> _Task objective_: Keep the wording of every entry exactly as it is while leaving the pictures out of your copy.

= = = = =

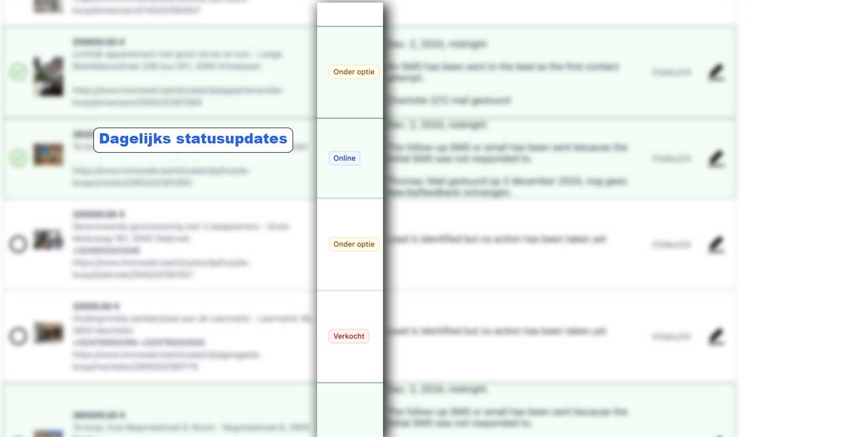 Met het Advanced-pakket is volledige automatisering van leadopvolging mogelijk. Dit omvat automatische SMS meldingen, waardoor u geen enkele lead mist en tijd bespaart. Neem contact op met onze support om dit in te stellen.
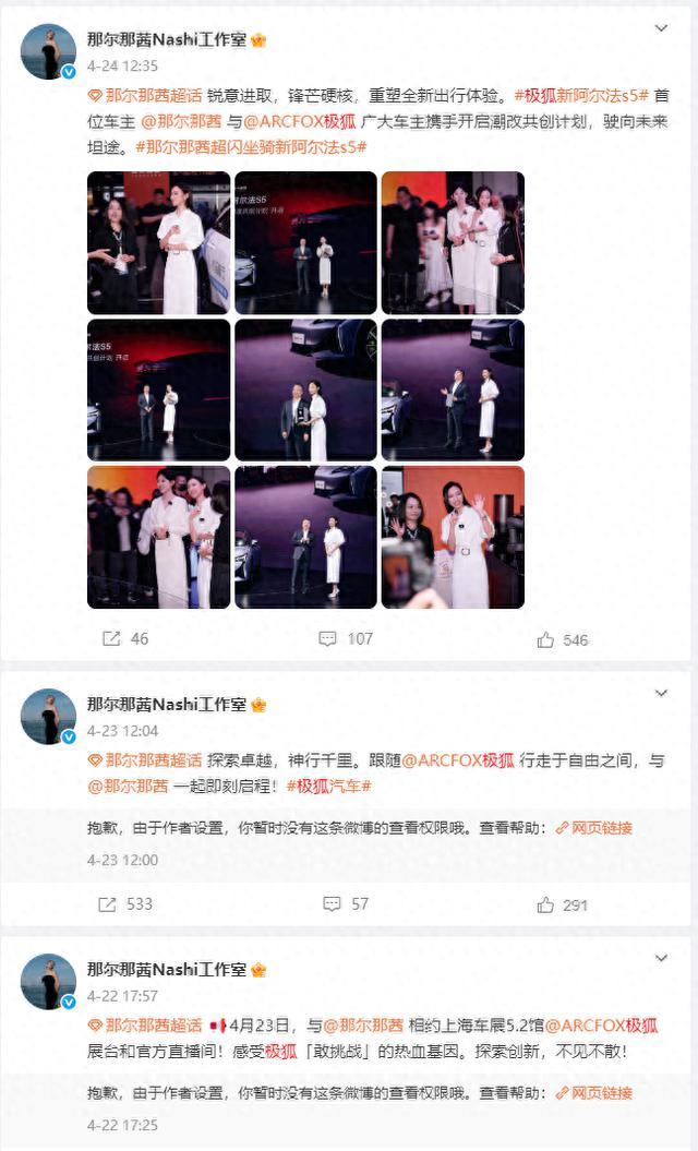 记者注意到,今年2月和4月,那尔那茜个人和工作室微博账号都发布了几条极狐汽车相关的微博,其中称那尔那茜是极狐汽车品牌大使。那尔那茜工作室转发的两条极狐汽车有关的微博,转发的来源未能正常显示。
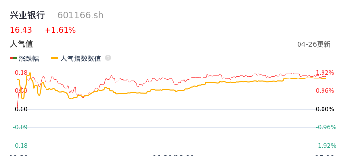 04月26日,兴业银行收报16.43,股价涨幅1.61%,成交金额20.81亿元,换手率0.61%。
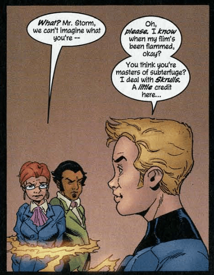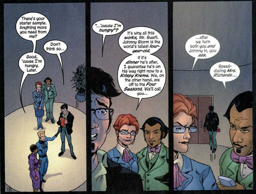 Fantastic or frightful? This is pretty simplistic for a corporate espionage story, but I do like that Johnny isn’t dimwitted, but instead comes out on top. Writer Mark Waid wanted his Fantastic Four stories to be character-focused, and that’s what we get here.
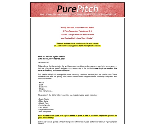 So if you believe that you did not benefit from the techniques employed in the Pure Pitch course, then all you have to do is email me for a full refund! I will promptly return your money no questions asked!
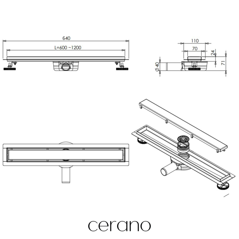 CERANO Lineární odtokový žlab se sif., otočný 360° design 2v1 černá matná 60cm CER-414932
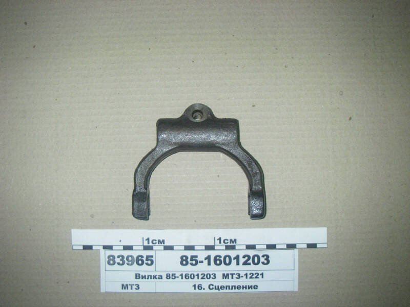 Вилка выключения сцепления устанавливается на тракторах МТЗ-1025, 1221, 1523, 2022, оригинальная, производства ОАО 'Минский тракторный завод', ОАО 'МТЗ', г. Минск, Республика Беларусь Сцепление -механизм, работа которого основана на действии силы трения скольжения (фрикционная муфта), предназначен для передачи крутящего момента, плавного переключения передач, гашения крутильных колебаний, кратковременного отсоединения трансмиссии от маховика двигателя. Обычно термин «сцепление» относится к компоненту трансмиссии транспортного средства, предназначенному для подключения или отключения соединения двигателя внутреннего сгорания с коробкой передач. Изобретение сцепления приписывают Карлу Бенцу. Сцепление служит для временного разобщения коленчатого вала двигателя с силовой передачей автомобиля, что необходимо при переключении шестерён в коробке передач и при торможении автомобиля вплоть до полной его остановки. Кроме того, сцепление даёт возможность плавно (без рывков) трогаться с места.

= = = = =

> _Your response_:
 Met het Advanced-pakket is volledige automatisering van leadopvolging mogelijk. Dit omvat automatische SMS meldingen, waardoor u geen enkele lead mist en tijd bespaart. Neem contact op met onze support om dit in te stellen.
 记者注意到,今年2月和4月,那尔那茜个人和工作室微博账号都发布了几条极狐汽车相关的微博,其中称那尔那茜是极狐汽车品牌大使。那尔那茜工作室转发的两条极狐汽车有关的微博,转发的来源未能正常显示。
 04月26日,兴业银行收报16.43,股价涨幅1.61%,成交金额20.81亿元,换手率0.61%。
 Fantastic or frightful? This is pretty simplistic for a corporate espionage story, but I do like that Johnny isn’t dimwitted, but instead comes out on top. Writer Mark Waid wanted his Fantastic Four stories to be character-focused, and that’s what we get here.
 So if you believe that you did not benefit from the techniques employed in the Pure Pitch course, then all you have to do is email me for a full refund! I will promptly return your money no questions asked!
 CERANO Lineární odtokový žlab se sif., otočný 360° design 2v1 černá matná 60cm CER-414932
 Вилка выключения сцепления устанавливается на тракторах МТЗ-1025, 1221, 1523, 2022, оригинальная, производства ОАО 'Минский тракторный завод', ОАО 'МТЗ', г. Минск, Республика Беларусь Сцепление -механизм, работа которого основана на действии силы трения скольжения (фрикционная муфта), предназначен для передачи крутящего момента, плавного переключения передач, гашения крутильных колебаний, кратковременного отсоединения трансмиссии от маховика двигателя. Обычно термин «сцепление» относится к компоненту трансмиссии транспортного средства, предназначенному для подключения или отключения соединения двигателя внутреннего сгорания с коробкой передач. Изобретение сцепления приписывают Карлу Бенцу. Сцепление служит для временного разобщения коленчатого вала двигателя с силовой передачей автомобиля, что необходимо при переключении шестерён в коробке передач и при торможении автомобиля вплоть до полной его остановки. Кроме того, сцепление даёт возможность плавно (без рывков) трогаться с места.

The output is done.